La figghja müte, ‘a mamme la ’ndènne
La figlia sordomuta, la madre la comprende.
Quando c’è feeling, ci si intende anche senza bisogno di parlare. In questo caso la mamma capisce le richieste della figliola sordomuta.
La figghja müte, ‘a mamme la ’ndènne
La figlia sordomuta, la madre la comprende.
Quando c’è feeling, ci si intende anche senza bisogno di parlare. In questo caso la mamma capisce le richieste della figliola sordomuta.
La féme jì chépe de ràgge
La fame è principio di ira.
Quando si giunge ad un certo punto di sopportazione, a causa del prolungato digiuno, non si capisce più niente, si comincia a “sbalié” = sragionare, o a dare in escandescenze
La fatüje vé annànze e jìsse scàppe addröte
Audio PlayerIl lavoro va avanti e lui corre dietro.

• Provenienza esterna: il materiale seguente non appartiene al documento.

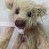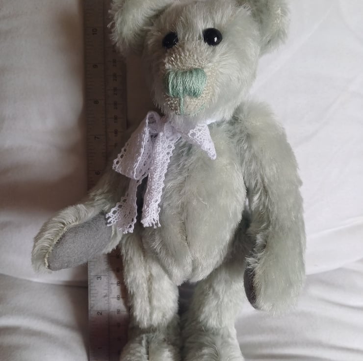 Mojito is a 10"bear made from my own pattern in a mint green 10mm Schulte Mohair with grey felt paw pads. She is 5 way cotter pin jointed, has black English glass eyes and is stuffed with heavy fibre fill and plastic pellets. Mojito has mint green embroidery thread details and wears a lace ribbon bow.
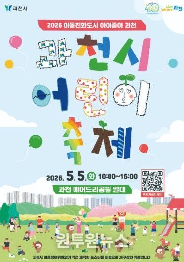 (원투원뉴스) 과천시는 다가오는 5월 5일 제104회 어린이날을 맞아 어린이와 가족이 함께 참여하는 ‘2026년 과천 어린이 축제’를 과천에어드리공원 일대에서 개최한다고 밝혔다.
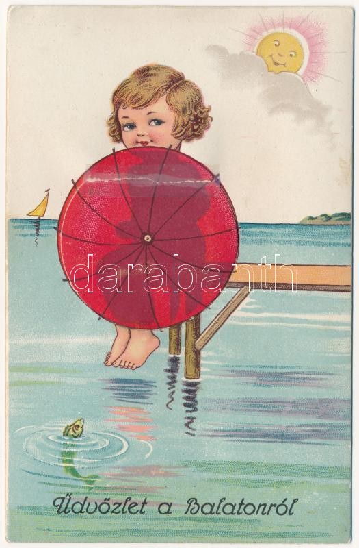 Balaton, Üdvözlet a Balatonról! napernyős leporellólap, benne balatoni...
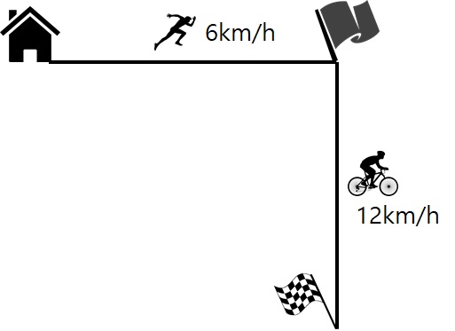 다음으로 설명을 해야 할 것은 조화 평균(harmonic mean) 입니다. 이 조화평균이라는 것은 우선 위 그림을 보시면, 한 사람이 처음에는 집에서 첫번째 포인트까지 시속 6킬로미터로 달렸고, 이후에 목표지점까지 자전거를 타고 시속 12킬로미터를 이동했습니다. 이럴 경우 이 사람이 평균 얼마나 되는 '속도'로 이동을 하였는지를 계산하는 데 사용이 됩니다.
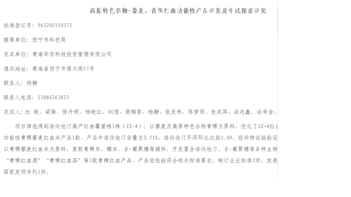 高原特色谷物-藜麦、青稞红曲功能性产品研发及中试探索研究

Si pronuncia questo Detto quando si parla di qualcuno poco propenso a lavorare.
Voglia di lavorare saltami addosso, e fammi lavorare meno che posso.
Da noi il lavoro, anche quello intellettuale è detto fatica. È in effetti stanca notevolmente sia quella muscolare, sia quella cerebrale.
Gli anziani recitano il Detto con una lieve variante sostituendo “dietro” con “appresso”:
La fatüje vé ‘nnànze e jìsse scàppe apprjisse.
La fatüje ce chiéme checòzze…
Detto completo: ‘A fatüje ce chiéme checòzze, a me nen me ‘ngòzze, a me nen me ‘ngòzze.
Il lavoro si chiama “zucca”, e non mi sollecita, non mi attrae, non mi stuzzica la voglia.
Poteva chiamarsi in mille altri modi, purché in rima con ‘ngozze.…
Un verbo un po’ strano. Altrove usano la locuzione “non mi azzecca”, o “non mi attira”, oppure “non mi invoglia “…
In italiano corrisponde un altro proverbio: «Voglia di lavorare, saltami addosso, e fammi lavorar meno che posso.»
E’ un ritornello rivolto verso qualcuno che non inizia mai un lavoro manuale che deve comunque eseguire. Guarda qua, osserva là, deve organizzarsi, meglio aspettare, ci vogliono gli attrezzi adatti, domani se ne parla, ci vuole un aiuto,….ecc.
La cöse a fòrze, nen véle ‘na scòrze
Un’azione (compiuta) per foza non vale (nemmeno) una buccia.
In italiano si direbbe che non vale un fico secco.
Aggiungo che nemmeno quelle fatte controvoglia riescono bene.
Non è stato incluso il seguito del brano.